▶ **PROBLEM DETAILS**: Exact reproduction of all the data is required, with pictures excluded.
***** EXTRACTED ENTRIES
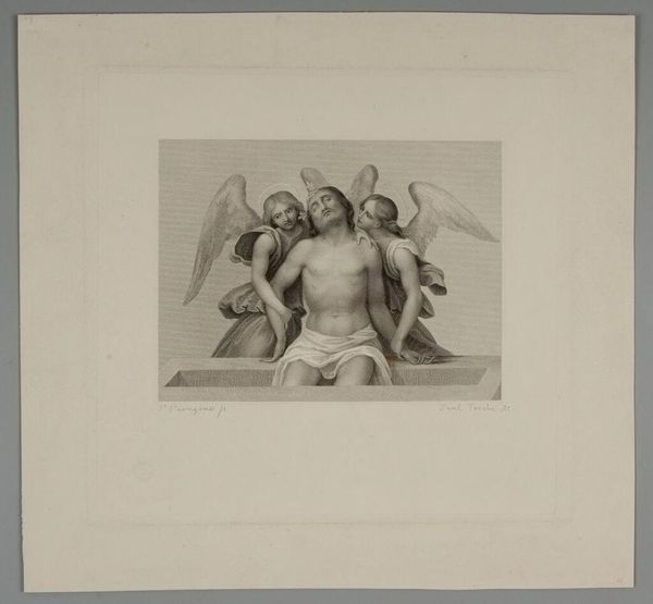 Curator: Ah, this piece by François Forster, titled "The Three Graces," found at the Harvard Art Museums, captures a timeless vision. Editor: What strikes me immediately is how the figures are rendered in such delicate detail, almost like engravings on precious metal. I wonder about the paper it's printed on. Curator: I’ve always felt a profound sense of balance when viewing it; a graceful rhythm between the figures and the landscape. Editor: And the figures themselves - their smooth skin juxtaposed with the rough texture of the ground. It speaks to a sort of idealized labor, perhaps? What kind of material constraints shaped Forster's vision? Curator: Perhaps, it is a dance of ideals, spun together with ink and paper... Editor: Ultimately, it serves as a reminder of the materials that bind and define our artistic expressions.
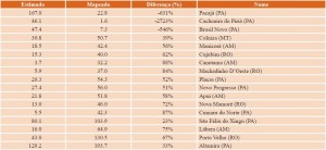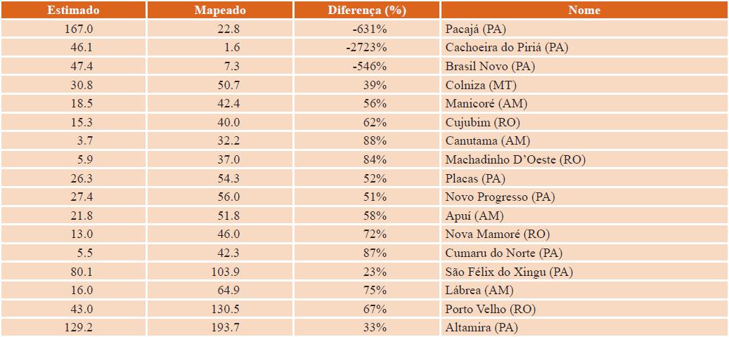 Tabela 1. Municípios considerados discrepantes na relação entre desmatamento mapeado e o desmatamento projetado pelo modelo. Valores positivos indicam desmatamento maior que o esperado, enquanto que valores negativos indicam desmatamento menor que o projetado pelo modelo.
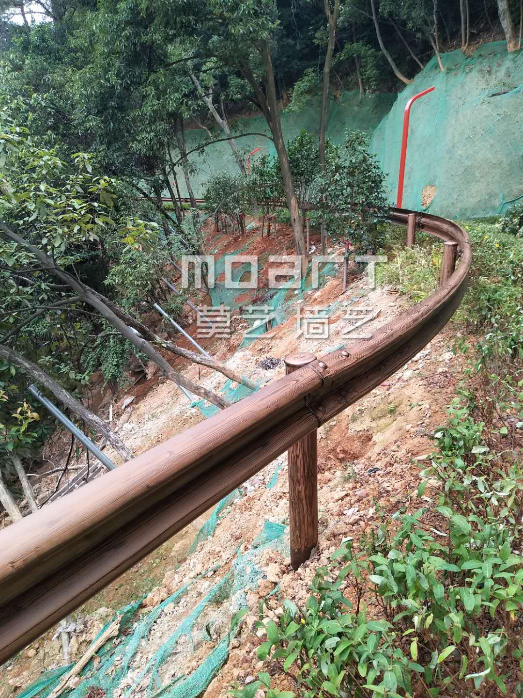 除了各種造型的護欄上都可以做木紋漆之外,不同材質,水泥、鍍鋅方管、不銹鋼等這些材質上通通都可以做木紋漆。通過不通的基層處理都可以達到逼真的仿木效果。一般景區的護欄高度有三種,低欄0.2-0.3米,中欄0.8-0.9米,高欄1.1-1.3米,可以因場景按需選擇合理的高度。木紋漆搭配不同的顏色也可以做出不同的質感效果,客戶在選擇顏色之前可以看以往施工的案例多比較。
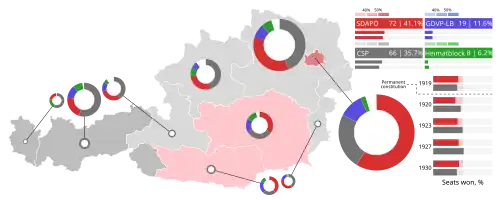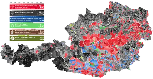 | | First party | Second party | | | | | | Leader | Karl Seitz | Karl Vaugoin | | Party | SPÖ | CS | | Last election | 42.28%, 71 seats | 48.24%, 85 (EL) | | Seats won | 72 | 66 | | Seat change | 1 | 19 | | Popular vote | 1,517,146 | 1,314,956 | | Percentage | 41.14% | 35.65% | | Swing | 1.14 pp | 12.41 pp | | | | Third party | Fourth party | | | | | | Leader | Franz Dinghofer | Ernst Rüdiger Starhemberg | | Party | GDVP–LB | HB | | Last election | 6.32%, 9 (LB) | – | | Seats won | 19 | 8 | | Seat change | 10 | New | | Popular vote | 428,255 | 227,401 | | Percentage | 11.61% | 6.17% | | Swing | 5.28 pp | New | |
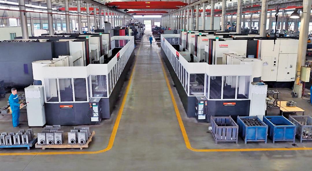 据数控车间主任陈亚平介绍,随着FMS柔性线的加入,垂直立柱等复杂箱体类零件的加工,从以往需要在多台设备间辗转装夹、反复定位,简化为一次装夹、通过B轴精密旋转完成6个面的全部加工,效率提升至普通机床的3倍以上,且位置度精度得到了根本性保障。基于第一条FMS柔性线的卓越表现,青城机械在2017年果断复购了第二条FMS柔性线。至此,两条FMS线共计配置7台加工母机、70个托盘,每台机床配备120把刀具,为青城机械构建了两个高度柔性的智能制造单元。
**********
▶ **SOLUTION TO THIS PROBLEM**:
 Curator: Ah, this piece by François Forster, titled "The Three Graces," found at the Harvard Art Museums, captures a timeless vision. Editor: What strikes me immediately is how the figures are rendered in such delicate detail, almost like engravings on precious metal. I wonder about the paper it's printed on. Curator: I’ve always felt a profound sense of balance when viewing it; a graceful rhythm between the figures and the landscape. Editor: And the figures themselves - their smooth skin juxtaposed with the rough texture of the ground. It speaks to a sort of idealized labor, perhaps? What kind of material constraints shaped Forster's vision? Curator: Perhaps, it is a dance of ideals, spun together with ink and paper... Editor: Ultimately, it serves as a reminder of the materials that bind and define our artistic expressions.
 Tabela 1. Municípios considerados discrepantes na relação entre desmatamento mapeado e o desmatamento projetado pelo modelo. Valores positivos indicam desmatamento maior que o esperado, enquanto que valores negativos indicam desmatamento menor que o projetado pelo modelo.
 除了各種造型的護欄上都可以做木紋漆之外,不同材質,水泥、鍍鋅方管、不銹鋼等這些材質上通通都可以做木紋漆。通過不通的基層處理都可以達到逼真的仿木效果。一般景區的護欄高度有三種,低欄0.2-0.3米,中欄0.8-0.9米,高欄1.1-1.3米,可以因場景按需選擇合理的高度。木紋漆搭配不同的顏色也可以做出不同的質感效果,客戶在選擇顏色之前可以看以往施工的案例多比較。
 | | First party | Second party | | | | | | Leader | Karl Seitz | Karl Vaugoin | | Party | SPÖ | CS | | Last election | 42.28%, 71 seats | 48.24%, 85 (EL) | | Seats won | 72 | 66 | | Seat change | 1 | 19 | | Popular vote | 1,517,146 | 1,314,956 | | Percentage | 41.14% | 35.65% | | Swing | 1.14 pp | 12.41 pp | | | | Third party | Fourth party | | | | | | Leader | Franz Dinghofer | Ernst Rüdiger Starhemberg | | Party | GDVP–LB | HB | | Last election | 6.32%, 9 (LB) | – | | Seats won | 19 | 8 | | Seat change | 10 | New | | Popular vote | 428,255 | 227,401 | | Percentage | 11.61% | 6.17% | | Swing | 5.28 pp | New | |
 据数控车间主任陈亚平介绍,随着FMS柔性线的加入,垂直立柱等复杂箱体类零件的加工,从以往需要在多台设备间辗转装夹、反复定位,简化为一次装夹、通过B轴精密旋转完成6个面的全部加工,效率提升至普通机床的3倍以上,且位置度精度得到了根本性保障。基于第一条FMS柔性线的卓越表现,青城机械在2017年果断复购了第二条FMS柔性线。至此,两条FMS线共计配置7台加工母机、70个托盘,每台机床配备120把刀具,为青城机械构建了两个高度柔性的智能制造单元。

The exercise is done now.